In TREseq analysis, cleavage sites are detected in approximately 2 million sites. To select reliable sites, we selected sites in the genes with > 20% cleaved sites relative to RNA length and whose CSgene values were between the 5th and 95th percentile. In addition, we removed expected microRNA-induced cleavage sites using psRNATarget [18]. Data were separated into training and test sets (9: 1), and training data were used to construct the model.

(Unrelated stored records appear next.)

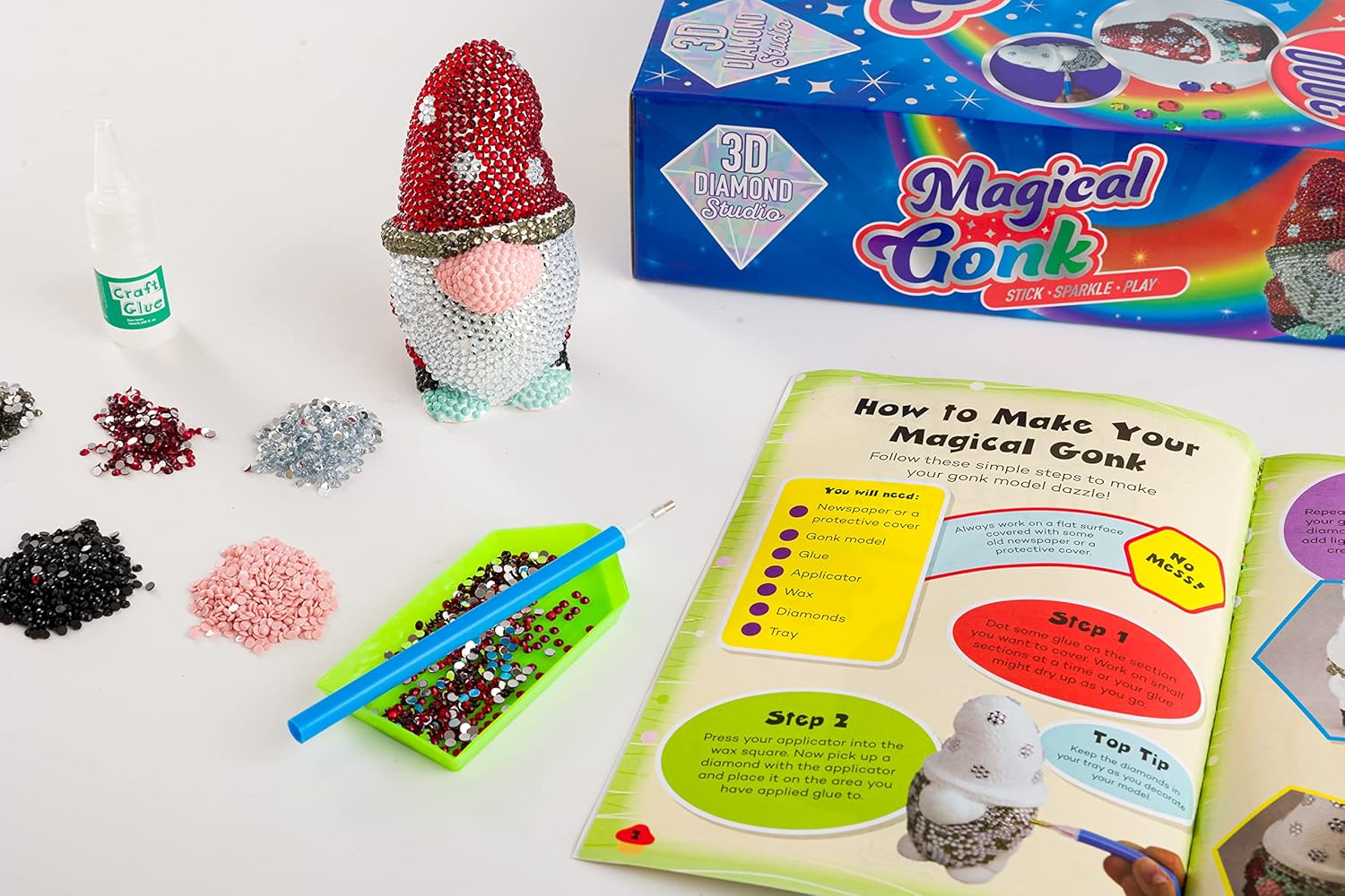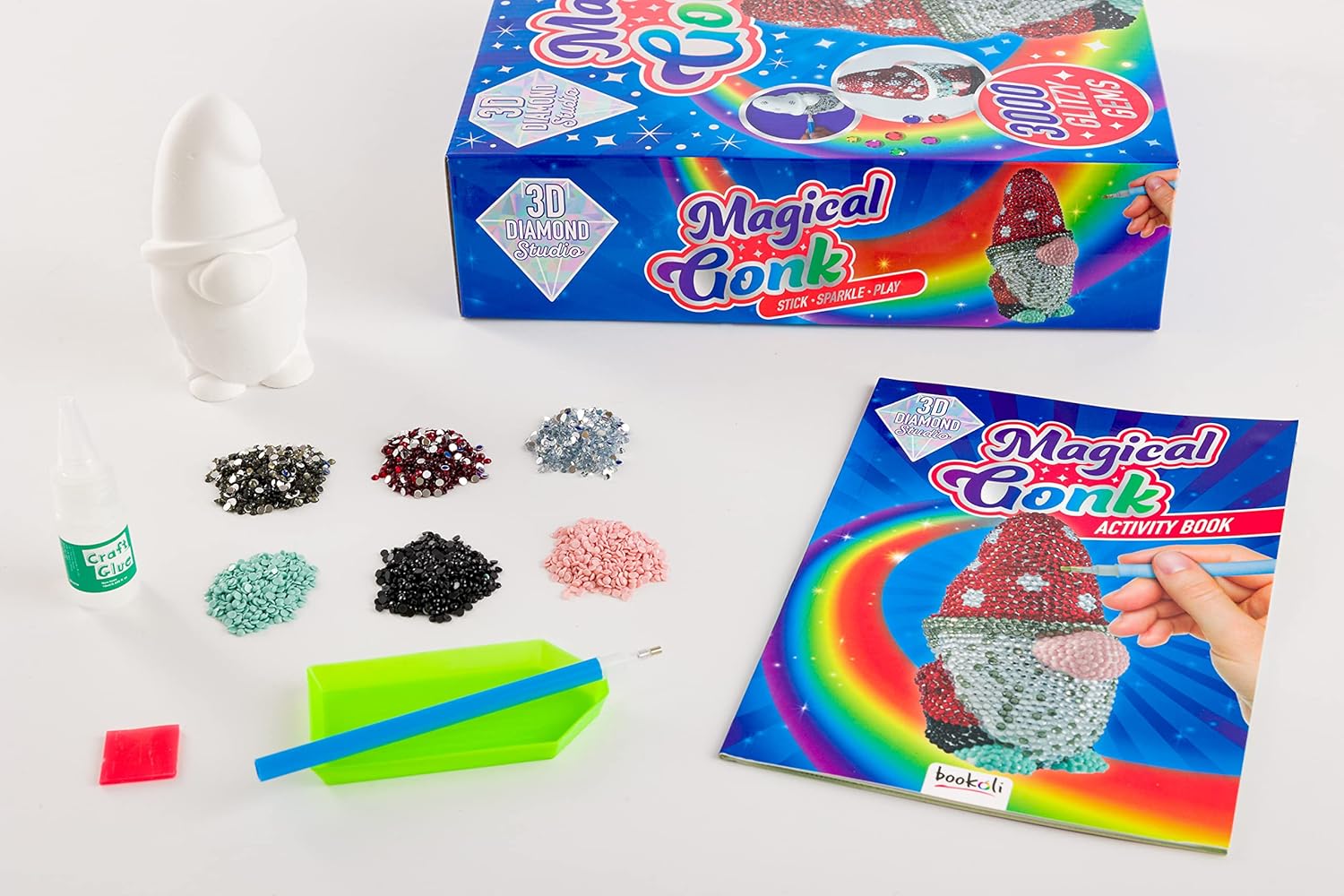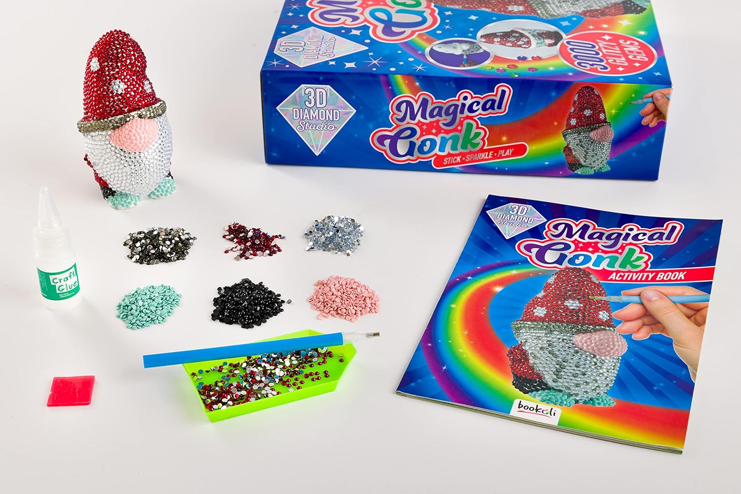 With 3000 glitzy crystals, you can create a unique look that will really pop. Then dive into the enchanting activity book filled with gonk doodles, games and puzzles.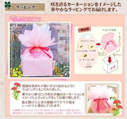 ラッピングは、ピンク色のカーネーションをイメージした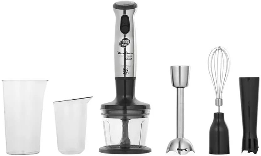 Le premier dans le TOP des modèles submersibles - Moulinex DD876D10 en acier inoxydable argenté. La puissance maximale est de 1000 W. 25 vitesses, turbo. Système à 4 lames Active Flow pour un hachage ou un mélange parfait. Alimentation secteur. L'ensemble comprend un mini hachoir, un fouet, un accessoire de mayonnaise, une cruche. La longueur du cordon d'alimentation est de 1,8 m.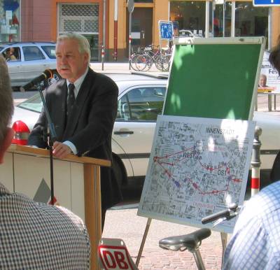 Am 8. Juni 2006 wurde die neue Cityroute Nord vom OB Heinz Fenrich offiziell eröffnet. Sie ist das erste sichtbare Ergebnis des Projektes “Fahrradfreundliches Karlsruhe”, dass von Gemeinderat und Radlerforum unter Leitung von BM Ulrich Eidenmüller in Zusammenarbeit mit ADFC und VCD beschlossen wurde, u&v berichtete mehrfach.

Explanatory variables in the model

In the model, features around the cleavage sites or features in whole RNA were extracted (Fig. 1). RNA sequence information (nucleotide, codon, and corresponding amino acid sequence) were obtained from the TAIR10 database (www.arabidopsis.org), and the minimum free energy (stability of secondary structure) was predicted using the RNAfold software (http://rna.tbi.univie.ac.at/) based on RNA nucleotide sequences [25]. In addition, in the ribosome profiling method used in this analysis, ROsite and ROgene values were used to obtain ribosome occupancy information (Fig. 1). For the features around cleavage sites, we determined nucleotide, codon, and the corresponding amino acid sequences ± 30 nucleotides around the cleavage sites. A comprehensive search of the features around the cleavage sites was performed and nucleotide, codon, or corresponding amino acid frequencies were calculated. The window size was changed by one nucleotide (minimum length, 1 nucleotide; maximum length, 60 nucleotides) and the sliding window was shifted by one nucleotide. Because ribosome occupancy affects long-distance cleavage efficiency [26], the region was extended by ± 200 nucleotides around the cleavage site. In terms of secondary structure, because the minimum free energy of short RNA sequences cannot be predicted by RNAfold, the minimum window size was changed to 5 nucleotides (minimum length, 5 nucleotides; maximum length, 60 nucleotides), and the sliding window was shifted by 5 nucleotides.

Fig. 1
figure 1

Feature extraction for models. Features related to sequences, stability of the secondary structure, and ribosome occupancy were extracted from around cleavage sites. For whole RNA features, similar features around cleavage sites were extracted from whole RNA, 5′-UTR, CDS, 3′-UTR, or around start and stop codon sequences. Uncorrelated features and multi-correlation in explanatory variables were removed.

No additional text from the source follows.